> EXERCISE BRIEF: Could you set down the lines from the first line of the entries below through the line with "On the Configure", exactly and with no pictures?
=== Begin Enclosure ===
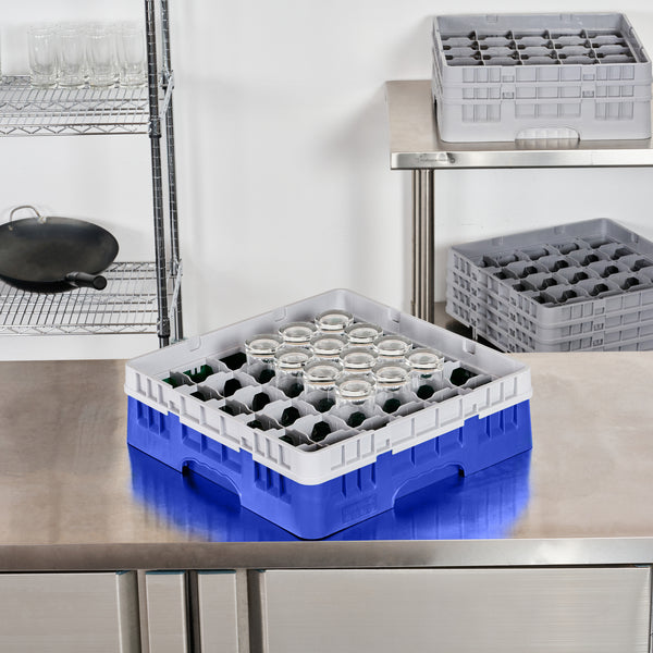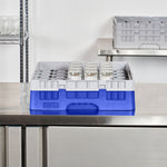 Efficiently organize and protect your glassware with our Clean Tek Professional Blue Glass Rack. This glassware storage rack features 36 compartments to securely hold and separate each glass, preventing damage during transport or washing. Designed with a full drop extender, this commercial glass rack accommodates taller barware for versatile use. Crafted from durable PP, this dishwasher rack withstands the rigors of frequent use in busy foodservice settings. With an easy-to-handle design, this compartment rack streamlines the washing process, making it ideal for bartenders and kitchen staff. The open interior compartments ensure thorough cleaning and quick drying, enhancing hygiene and efficiency. Solid external walls provide additional support and stability, safeguarding your glassware. Measuring 19.69 inches in length by 19.69 inches in width by 5.63 inches in height, this barware organizer fits seamlessly into commercial dishwashers and storage areas. Sold in a 1 count box.
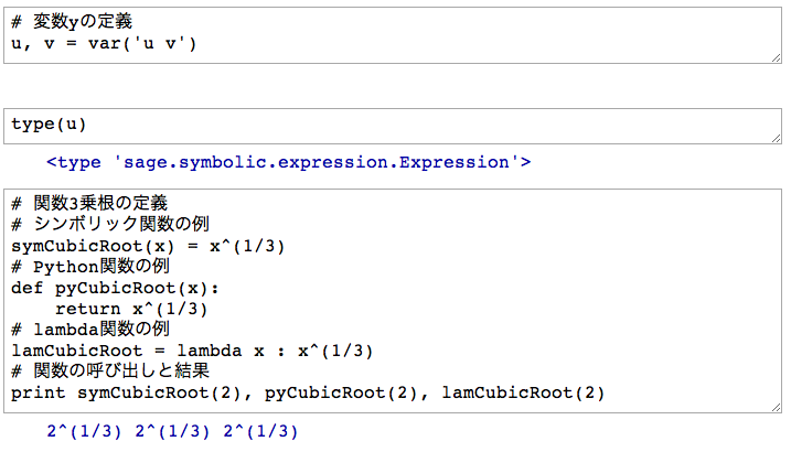 例として3乗根をシンボリック関数、Python関数、lamba関数で定義し、その結果を表示してみます(図6の第3セル以降)。
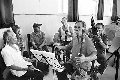 周四沟村乡村剧团成员在演奏。(资料图片)
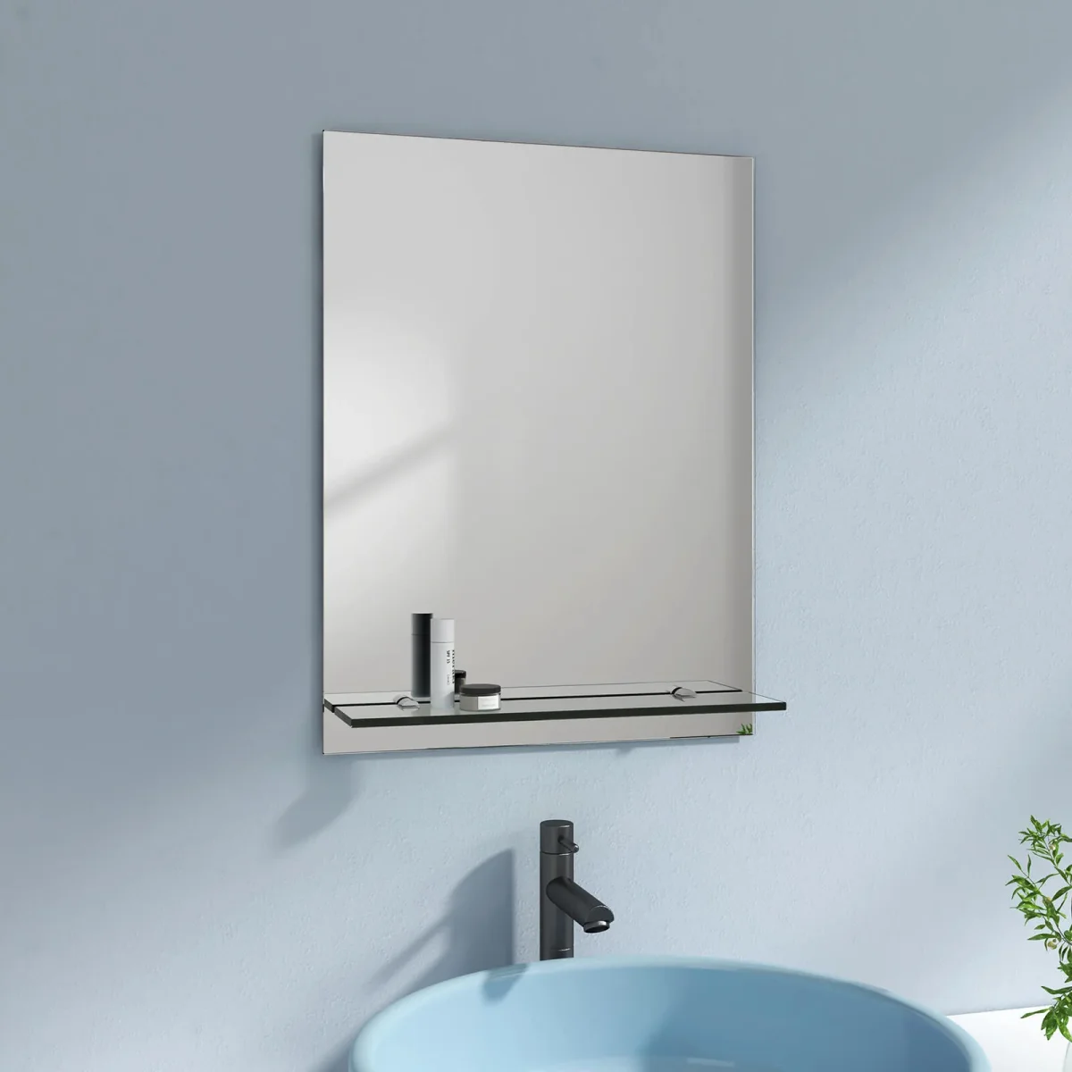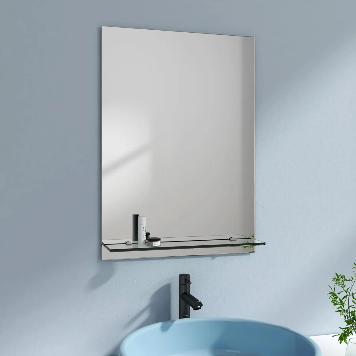 - Facile à installer : 1. Installez l’étagère sur le miroir. 2. Fixez le support mural au mur. 3. Accrochez le miroir au support.
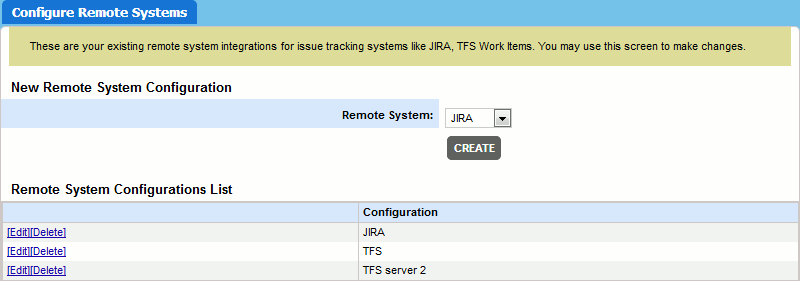On the Configure Remote Systems tab, you can create new configurations and edit your existing integration configurations. You can have multiple configurations for multiple issue-tracking services.
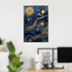Entrez dans un monde de sophistication avec l'élégance intemporelle du bleu marine et de l'or. La marine, profonde et veloutée, dégage un sentiment de mystère et de raffinement, tandis que les touches dorées chatoyantes apportent chaleur, luxe et une touche de grandeur. Cette combinaison de couleurs rappelle les cieux étoilés, les rêves célestes et les intérieurs aristocratiques, ce qui en fait un excellent choix pour la décoration luxueuse, les murs de galeries et les pièces élégantes de déclaration. Qu'il s'agisse de brosses métalliques, de dessins géométriques ou de compositions abstraites, cet imprimé en carton mousse exhale richesse et exclusivité, transformant tout espace en oeuvre d'art.
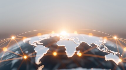 A digital globe illuminated with city lights and interconnected shipping routes, showcasing a vibrant, global trade landscape.
=== End Enclosure ===
> RESULT:
 Efficiently organize and protect your glassware with our Clean Tek Professional Blue Glass Rack. This glassware storage rack features 36 compartments to securely hold and separate each glass, preventing damage during transport or washing. Designed with a full drop extender, this commercial glass rack accommodates taller barware for versatile use. Crafted from durable PP, this dishwasher rack withstands the rigors of frequent use in busy foodservice settings. With an easy-to-handle design, this compartment rack streamlines the washing process, making it ideal for bartenders and kitchen staff. The open interior compartments ensure thorough cleaning and quick drying, enhancing hygiene and efficiency. Solid external walls provide additional support and stability, safeguarding your glassware. Measuring 19.69 inches in length by 19.69 inches in width by 5.63 inches in height, this barware organizer fits seamlessly into commercial dishwashers and storage areas. Sold in a 1 count box.
 例として3乗根をシンボリック関数、Python関数、lamba関数で定義し、その結果を表示してみます(図6の第3セル以降)。
 周四沟村乡村剧团成员在演奏。(资料图片)
 - Facile à installer : 1. Installez l’étagère sur le miroir. 2. Fixez le support mural au mur. 3. Accrochez le miroir au support.
On the Configure Remote Systems tab, you can create new configurations and edit your existing integration configurations. You can have multiple configurations for multiple issue-tracking services.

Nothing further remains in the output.